● Assignment
Line by line, print the records exactly, and keep images out of the copy.

● Material supplied
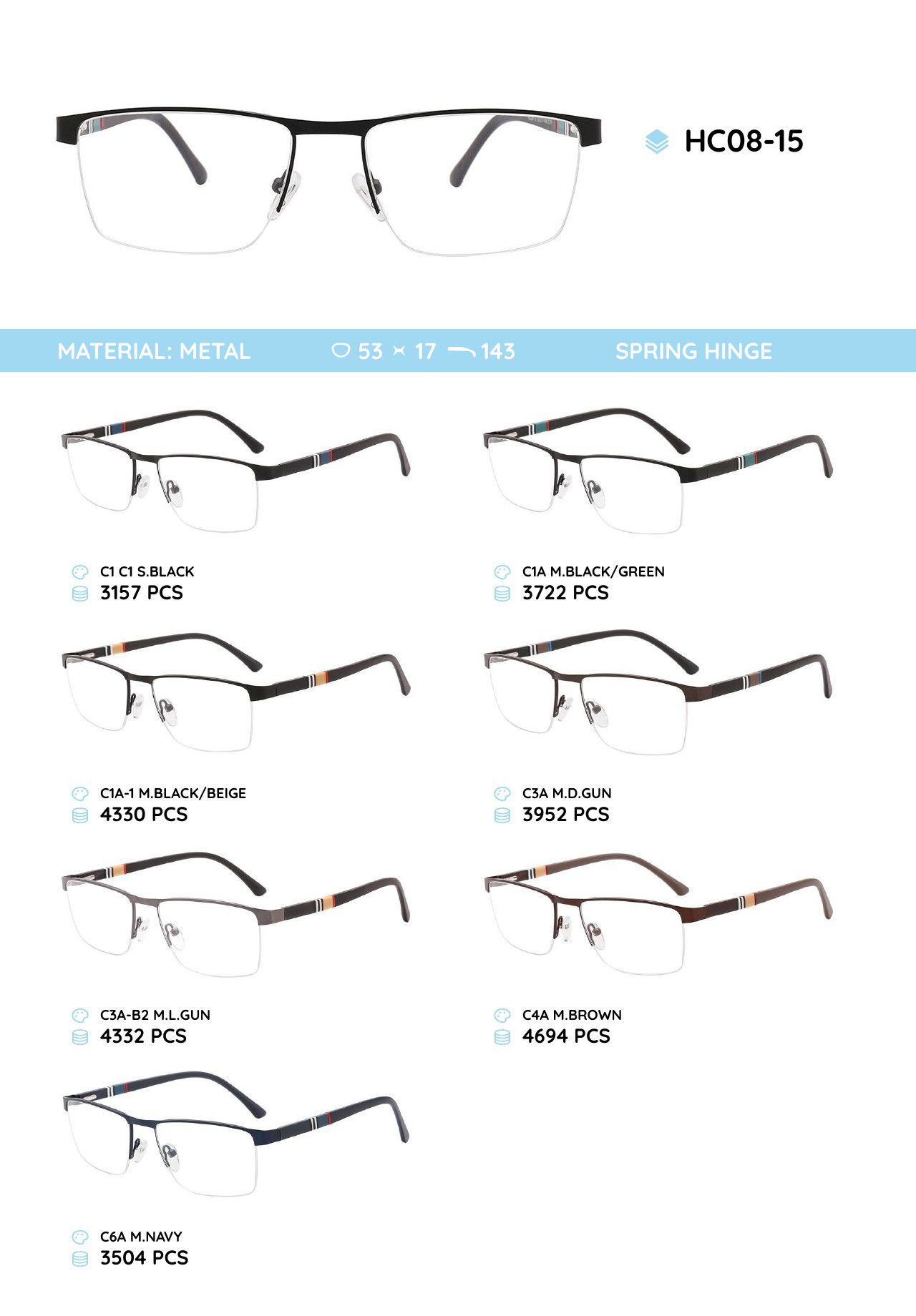 Металлическая оправа с дужками из материала TR-90 HC08-15
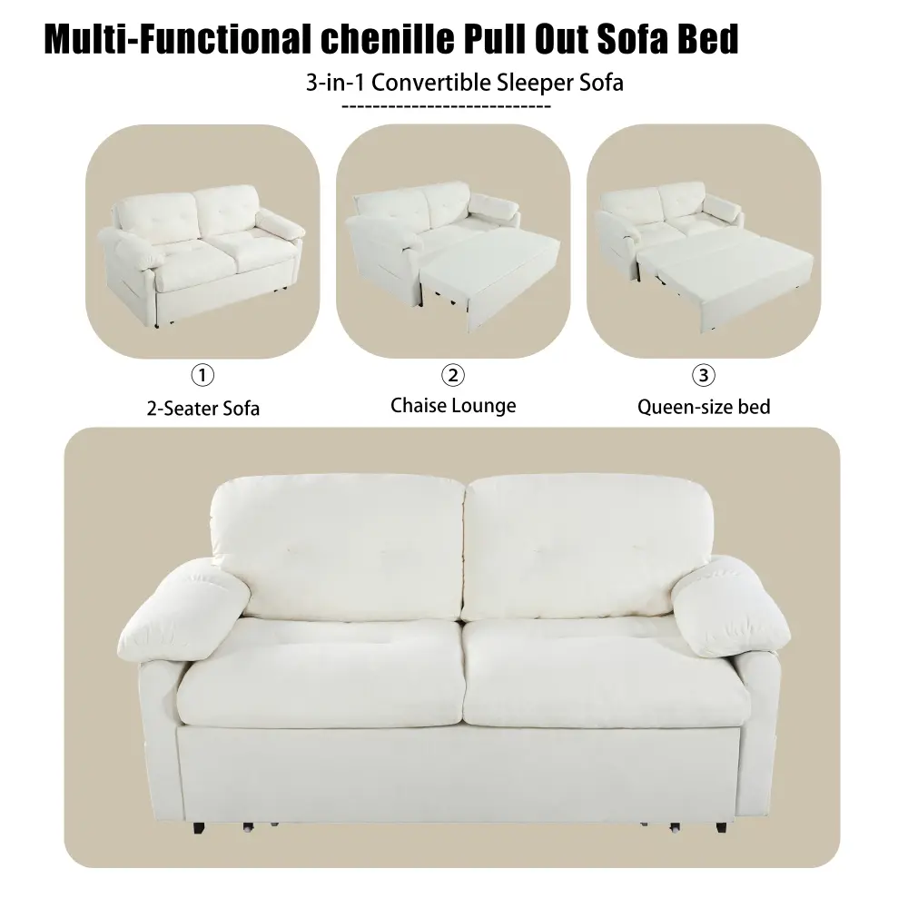 3-in-1 Convertible Design.Easily transforms to fit your needs: use it as a compact loveseat, pull it out into a relaxing chaise lounge, or fully extend it into a generous queen-size bed for overnight guests.
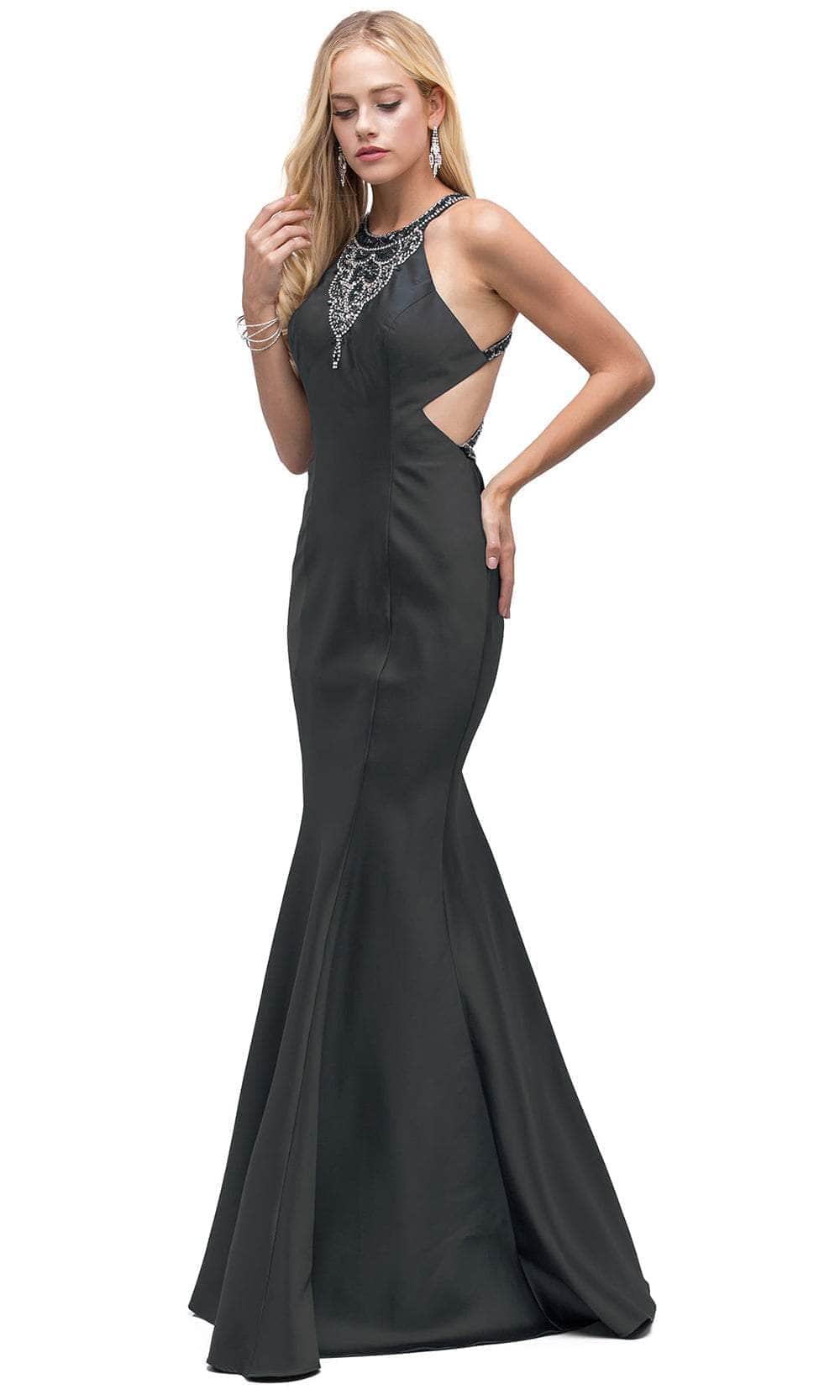 You will feel like a red carpet star by donning this Dancing Queen 9906 masterpiece. This gown is designed in sleeveless and has a princess seam structure to flatter your figure. It shows off a jewel neckline and a sultry cutout on the side waist. The beadings on the bodice are guaranteed to turn heads, while the strappy open back provides a modern twist. The skirt fits snugly around the hips and then flares at the bottom to sculpt a striking mermaid silhouette. Prepare to turn heads everywhere you go in this Dancing Queen 9906 creation. Models are wearing Black, and Champagne colors.
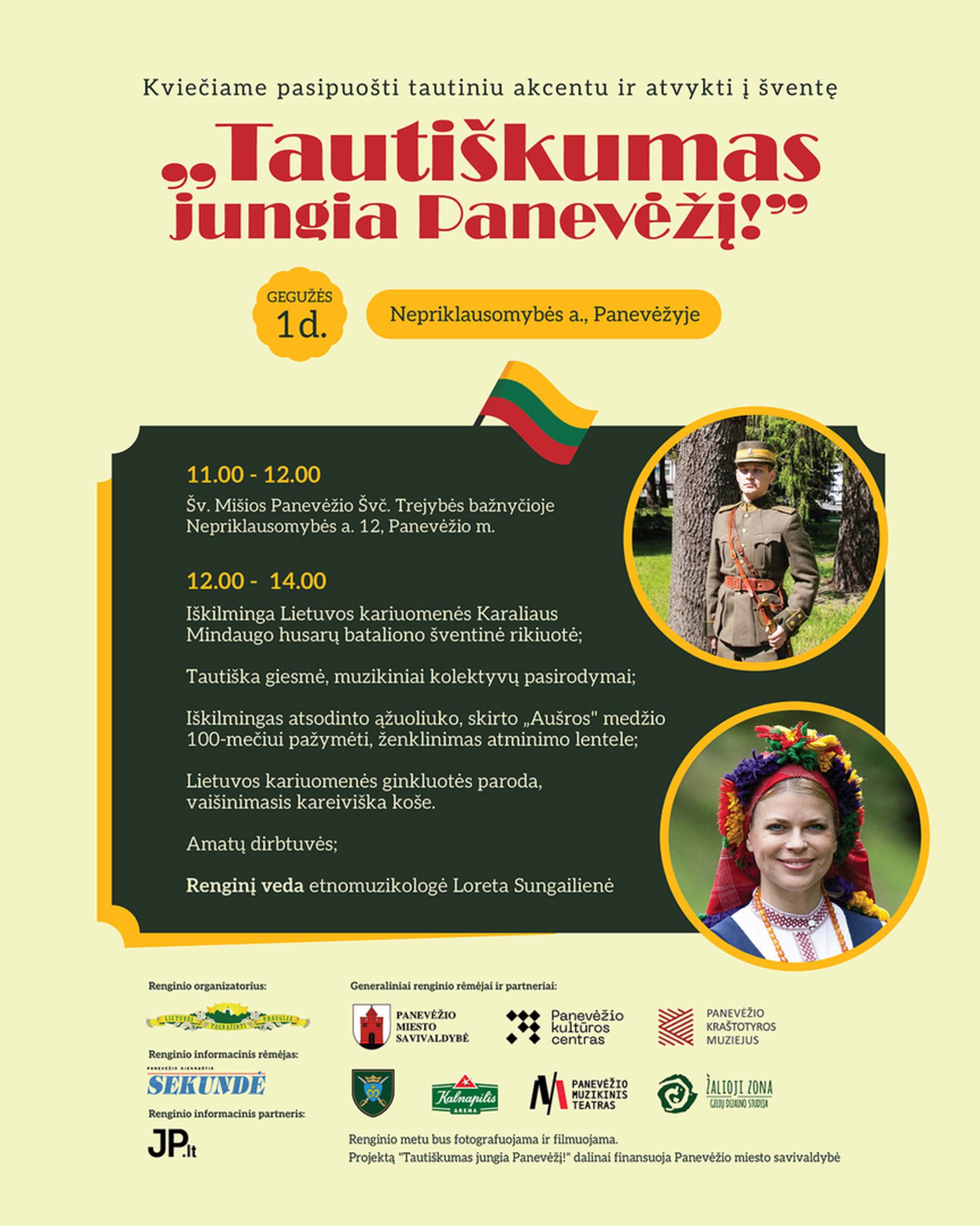 Kviečiame visus miestiečius pasipuošti tautiniu akcentu ir atvykti į tautiškumo šventę Nepriklausomybės aikštėje Panevėžyje.
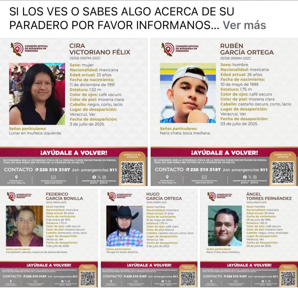 Cira Victoriano Félix, Rubén García Ortega, Federico García Bonilla, Hugo García Ortega y Ángel Torres Fernández desaparecieron el pasado jueves 3 de julio, aproximadamente a las 9:00 de la noche.
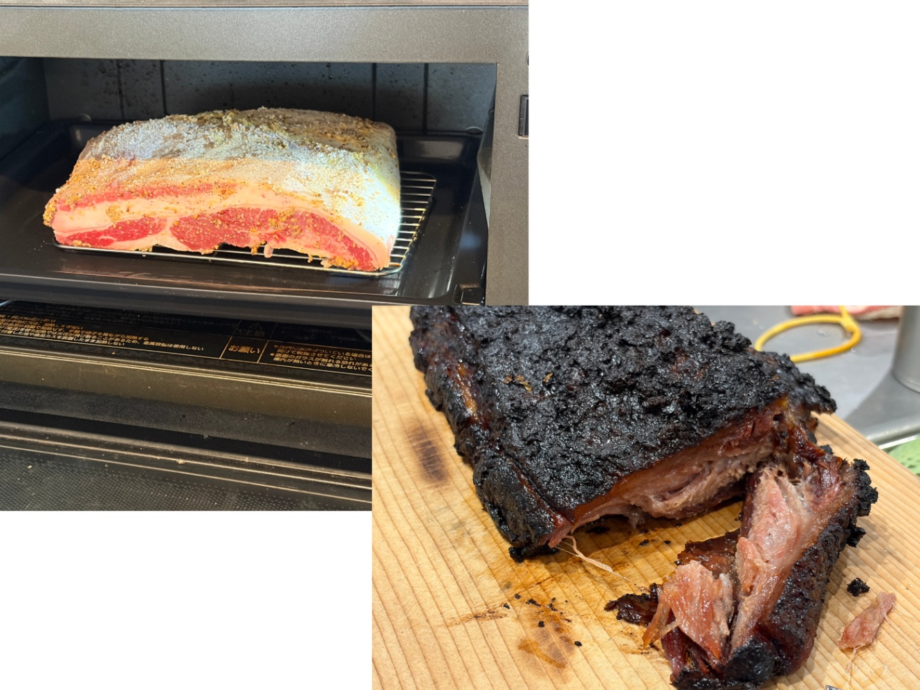 テキサスBBQは、Barkと呼ばれる黒い層(肉の脂分とスパイスとスモークの香りなどが固まり旨みが凝縮したレイヤー)と、長時間加熱されることで筋の部分がゼラチン化し柔らかくなった肉が渾然一体となった状態が特徴です。そこで、その状態に至るためのプロセスを

● Response to the exercise
 Металлическая оправа с дужками из материала TR-90 HC08-15
 3-in-1 Convertible Design.Easily transforms to fit your needs: use it as a compact loveseat, pull it out into a relaxing chaise lounge, or fully extend it into a generous queen-size bed for overnight guests.
 You will feel like a red carpet star by donning this Dancing Queen 9906 masterpiece. This gown is designed in sleeveless and has a princess seam structure to flatter your figure. It shows off a jewel neckline and a sultry cutout on the side waist. The beadings on the bodice are guaranteed to turn heads, while the strappy open back provides a modern twist. The skirt fits snugly around the hips and then flares at the bottom to sculpt a striking mermaid silhouette. Prepare to turn heads everywhere you go in this Dancing Queen 9906 creation. Models are wearing Black, and Champagne colors.
 Kviečiame visus miestiečius pasipuošti tautiniu akcentu ir atvykti į tautiškumo šventę Nepriklausomybės aikštėje Panevėžyje.
 Cira Victoriano Félix, Rubén García Ortega, Federico García Bonilla, Hugo García Ortega y Ángel Torres Fernández desaparecieron el pasado jueves 3 de julio, aproximadamente a las 9:00 de la noche.
 テキサスBBQは、Barkと呼ばれる黒い層(肉の脂分とスパイスとスモークの香りなどが固まり旨みが凝縮したレイヤー)と、長時間加熱されることで筋の部分がゼラチン化し柔らかくなった肉が渾然一体となった状態が特徴です。そこで、その状態に至るためのプロセスを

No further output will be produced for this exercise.